At Sundance, Mami Wata won the Best Cinematography award, but it has also picked up laurels elsewhere. This March, it won three awards at FESPACO, Africa’s foremost film festival; it participated in the Final Cut at the 78th Venice Film Festival, the first for a Nigerian film; and it has been acquired by Dekanalog for distribution in North America, but also by Cinemalovers for distribution in Germany and Austria. But perhaps the film’s most significant achievement is how it has come to define a period in Nigerian cinema, how it has shown that Nigerian films can be made outside of Nollywood’s established box office formulas and not only compete with films from the world over, but also find appreciation among a sizeable audience, if not in Nigeria, then at least on foreign soil. The film did not fare well when it premiered in Nigeria, through FilmOne, in September, but that was largely because of a less-than-stellar rollout strategy: it screened, for instance, at unfavorable hours.
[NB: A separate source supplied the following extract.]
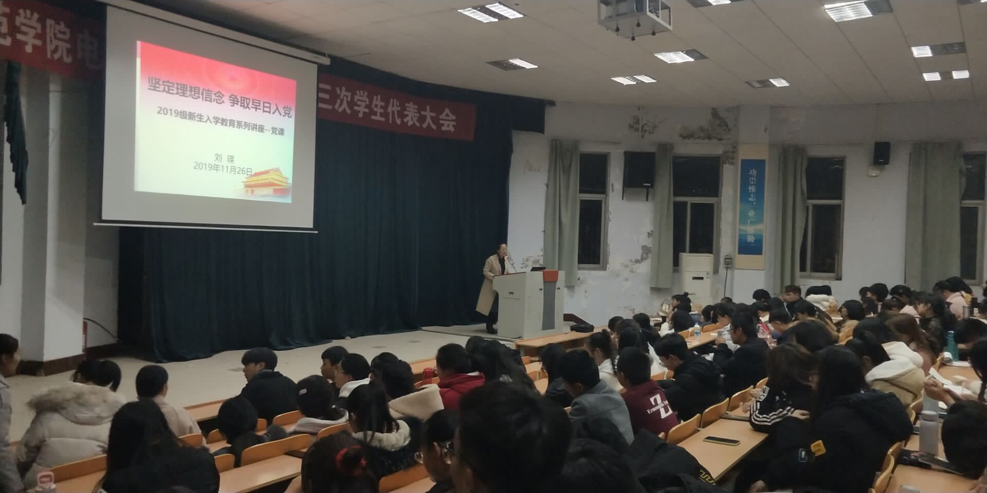 讲座结束后,全体19级新生纷纷表示,积极向党组织靠拢,坚定理想信念,不忘初心,牢记使命,及时向党组织作思想汇报,学习党组织精神,坚定不移地跟党走,争取早日入党。
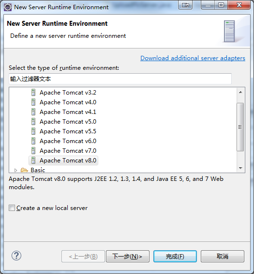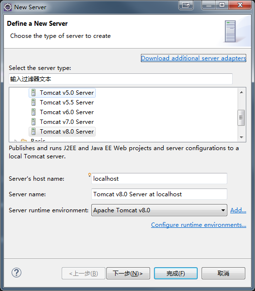 这里就完成了Eclipse和Tomcat的关联,但是还未创建Tomcat服务器。

Mami Wata may not have succeeded in Nigerian cinemas, but it has found favor among one of the country’s highest cinematic authorities. This October, the Nigerian Official Selection Committee announced it as the country’s entry to compete for the Best International Feature Film award at the 96th Academy Awards. No Nigerian film has ever won an Oscar, but, according to Makama, Mami Wata can make history yet again.
“Fingers crossed,” Obasi responded, stoically, as stoic, perhaps, as the Mami Wata medium in his film, with her gentle, patient, talcum-pocked face.